Whereas there is only one camera stream and its contents don't change per
origin, so accessing the camera stream is a global capability. In a way it's
similar to filesystem access: You either have access to it or not, accessing it
from different origins (i.e. different chrome-extension URLs) doesn't give you
different results.

> 
> Or see your network communication. Or read your history. Extension APIs are
> fundamentally dangerous because we want extensions to be powerful.
> 
> My understanding was that the problem Mustafa is solving is not a security
risk
> associated with this API, but the fact that an extension changing content
> settings for other extensions kinda breaks the extensions permission model.

That's accurate for this CL, but extensions granting themselves global
capabilities also breaks the permission model, so I don't think we can ignore
it. 

IMO the best mitigation is to make sure global capabilities have global
indicators. E.g. if the camera is being used, there should be a system modal UI
bubble for it, similar to what ChromeOS does for screen sharing (see the bubble
with "Stop Sharing" button at the bottom of the screen):
https://flashphoner.com/docs/wcs5/wcs_docs/html/en/wcs-user-guide/demo_screen...

That doesn't prevent the problem described here, but makes it obvious to the
user that their camera/microphone is being used by some app and gives them the
ability to stop. (as a side effect it'd also fix crbug.com/453150)

[raymes, 2017-04-20 22:46:02]

> > My understanding was that the problem Mustafa is solving is not a security
> risk
> > associated with this API, but the fact that an extension changing content
> > settings for other extensions kinda breaks the extensions permission model.

I think it's just hard for me to see the benefit of preventing extensions from
granting camera/mic to other extensions, but still allowing them to grant
camera/mic to other websites.
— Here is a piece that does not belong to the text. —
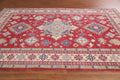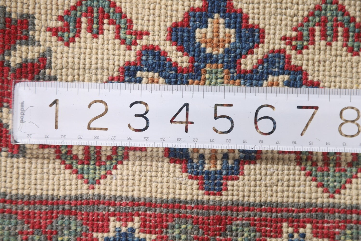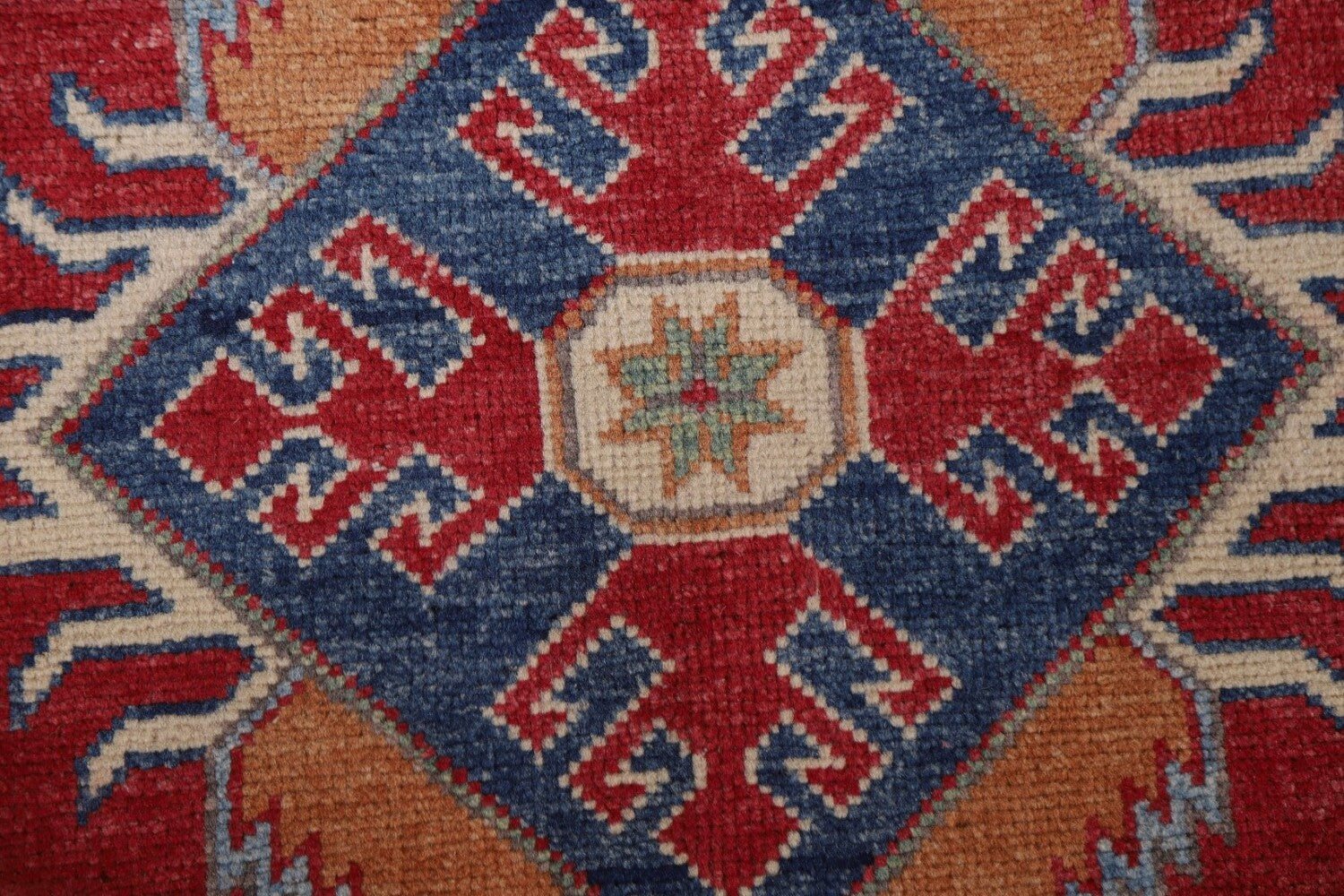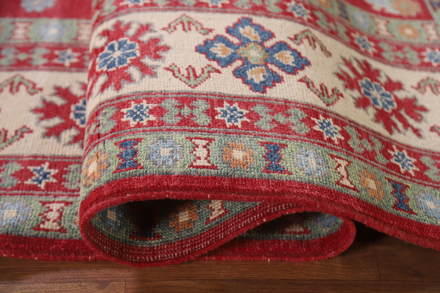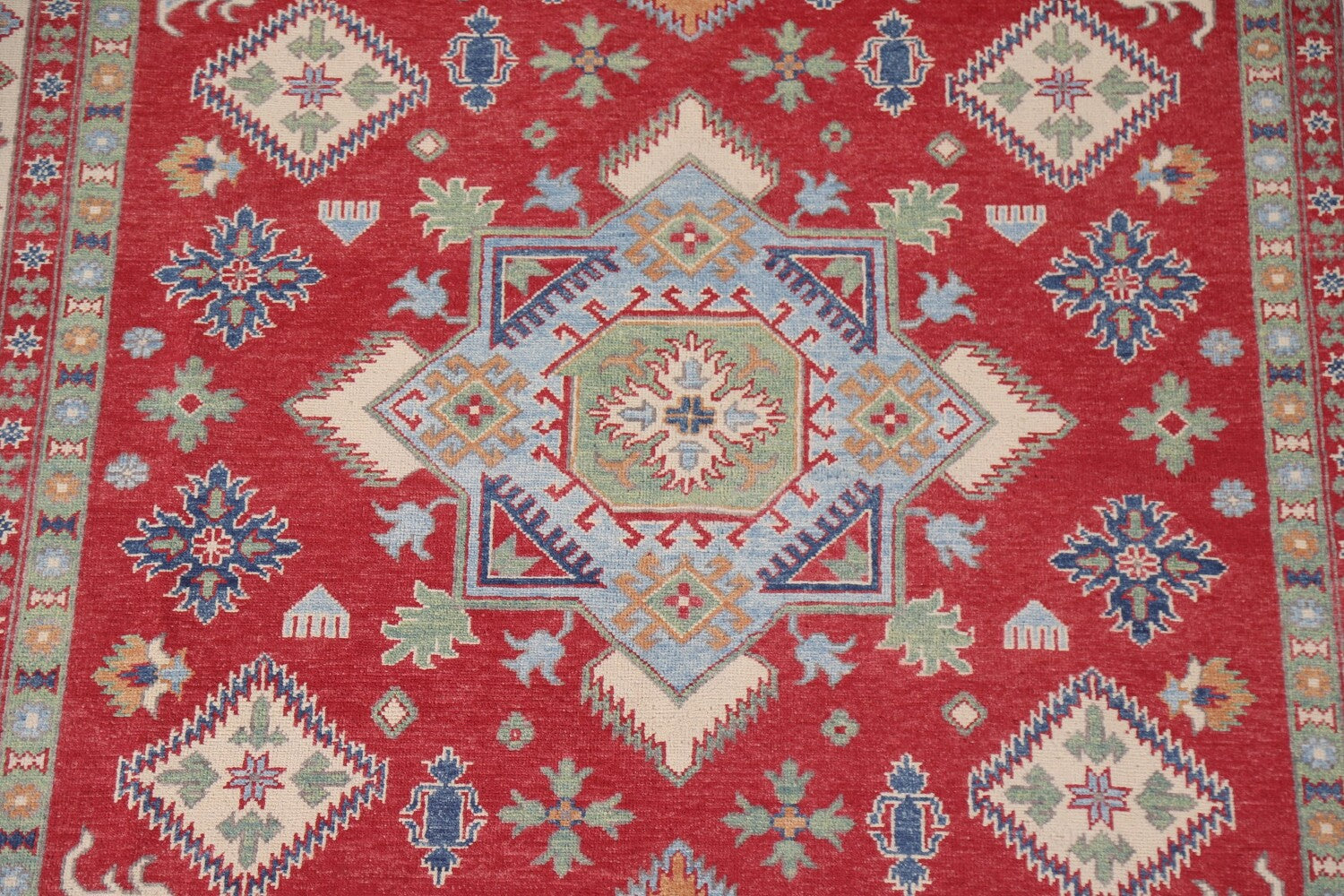 A Beautiful Genuine Pakistan Kazak rug is Hand Knotted by skillful weavers in Pakistan with 100% Wool Material. This rug is in New, First Quality condition. dimensions are 9' 9'' X 6' 8'' in foot and 297 X 203 in centimeter. the primary color is Red.

What benefit does it actually provide? I'm just a
bit worried that we're adding complexity that doesn't get us anything concrete.

I agree that it's weird and the permission model feels broken but I feel like
that might be a bigger problem that we might want to think about?

[palmer, 2017-05-01 21:36:49]

As described in the bug, this CL is not a complete fix, but it does seem
necessary as a minimum precondition for fixing the bug. Hence it's a net good?
raymes, I added you to the bug.

[raymes, 2017-05-02 00:01:16]

On 2017/05/01 21:36:49, palmer wrote:
> As described in the bug, this CL is not a complete fix, but it does seem
> necessary as a minimum precondition for fixing the bug. Hence it's a net good?
> raymes, I added you to the bug.

I guess I just don't really see this as preventing a malicious extension from
doing anything that it couldn't otherwise do. We've been having a discussion on
email about how to move forward but I'll update the bug too.